═══ SOURCE RECORDS

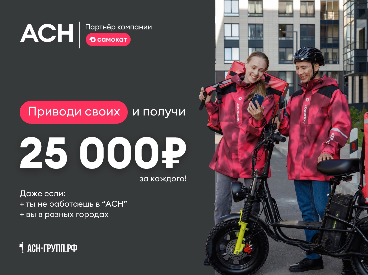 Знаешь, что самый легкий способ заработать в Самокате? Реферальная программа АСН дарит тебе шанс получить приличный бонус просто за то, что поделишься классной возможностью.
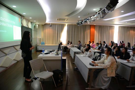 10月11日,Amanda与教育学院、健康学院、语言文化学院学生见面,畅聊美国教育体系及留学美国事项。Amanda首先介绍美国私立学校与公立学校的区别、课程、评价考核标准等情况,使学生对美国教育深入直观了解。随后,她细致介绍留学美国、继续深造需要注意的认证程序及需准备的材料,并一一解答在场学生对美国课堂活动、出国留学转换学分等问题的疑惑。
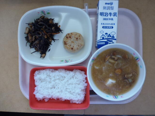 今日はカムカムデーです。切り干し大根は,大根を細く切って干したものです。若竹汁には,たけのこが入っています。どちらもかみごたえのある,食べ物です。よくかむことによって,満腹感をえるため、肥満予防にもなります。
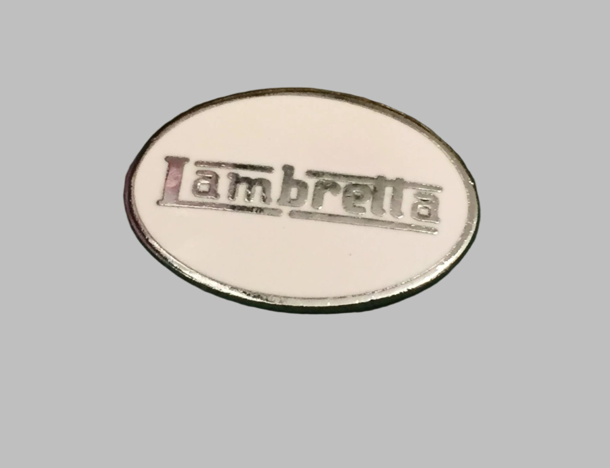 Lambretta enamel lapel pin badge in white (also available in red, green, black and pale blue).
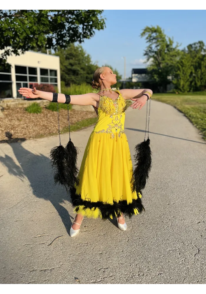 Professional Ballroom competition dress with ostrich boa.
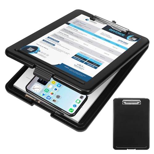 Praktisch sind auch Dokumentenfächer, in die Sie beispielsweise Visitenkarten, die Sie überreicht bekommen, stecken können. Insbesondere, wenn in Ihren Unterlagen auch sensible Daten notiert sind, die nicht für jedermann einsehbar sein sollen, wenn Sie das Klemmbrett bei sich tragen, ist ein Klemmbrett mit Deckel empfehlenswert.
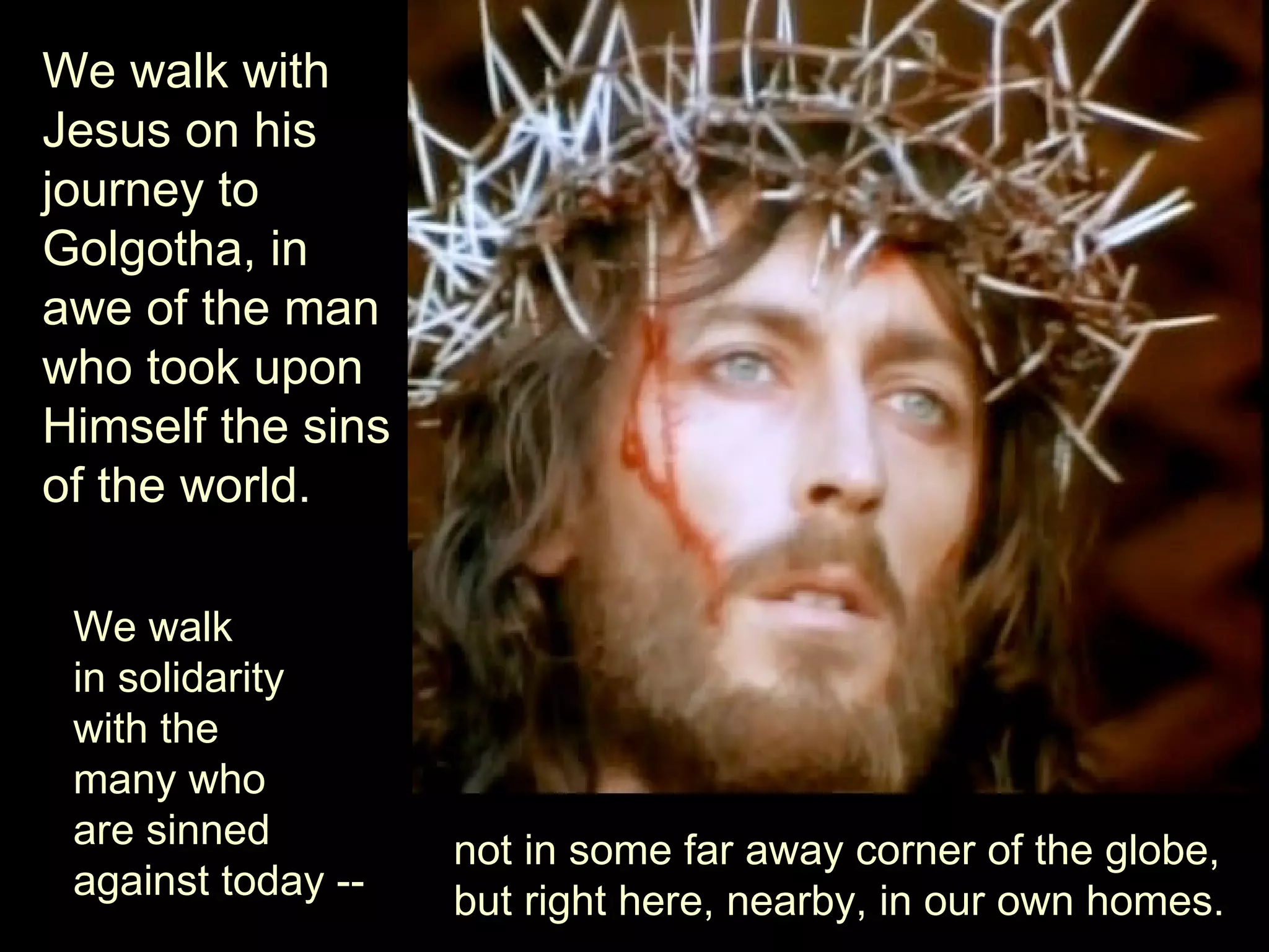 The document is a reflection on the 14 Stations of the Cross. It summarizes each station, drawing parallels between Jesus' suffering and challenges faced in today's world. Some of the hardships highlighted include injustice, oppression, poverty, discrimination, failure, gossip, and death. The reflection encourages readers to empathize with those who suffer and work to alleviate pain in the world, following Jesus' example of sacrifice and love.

══════

» **TASK TO COMPLETE**
Your task is to return the lines above, from the first one up to and including the line containing "Professional Ballroom competition", minus any pictures.

» **ANSWER TO THIS EXERCISE**
 Знаешь, что самый легкий способ заработать в Самокате? Реферальная программа АСН дарит тебе шанс получить приличный бонус просто за то, что поделишься классной возможностью.
 10月11日,Amanda与教育学院、健康学院、语言文化学院学生见面,畅聊美国教育体系及留学美国事项。Amanda首先介绍美国私立学校与公立学校的区别、课程、评价考核标准等情况,使学生对美国教育深入直观了解。随后,她细致介绍留学美国、继续深造需要注意的认证程序及需准备的材料,并一一解答在场学生对美国课堂活动、出国留学转换学分等问题的疑惑。
 今日はカムカムデーです。切り干し大根は,大根を細く切って干したものです。若竹汁には,たけのこが入っています。どちらもかみごたえのある,食べ物です。よくかむことによって,満腹感をえるため、肥満予防にもなります。
 Lambretta enamel lapel pin badge in white (also available in red, green, black and pale blue).
 Professional Ballroom competition dress with ostrich boa.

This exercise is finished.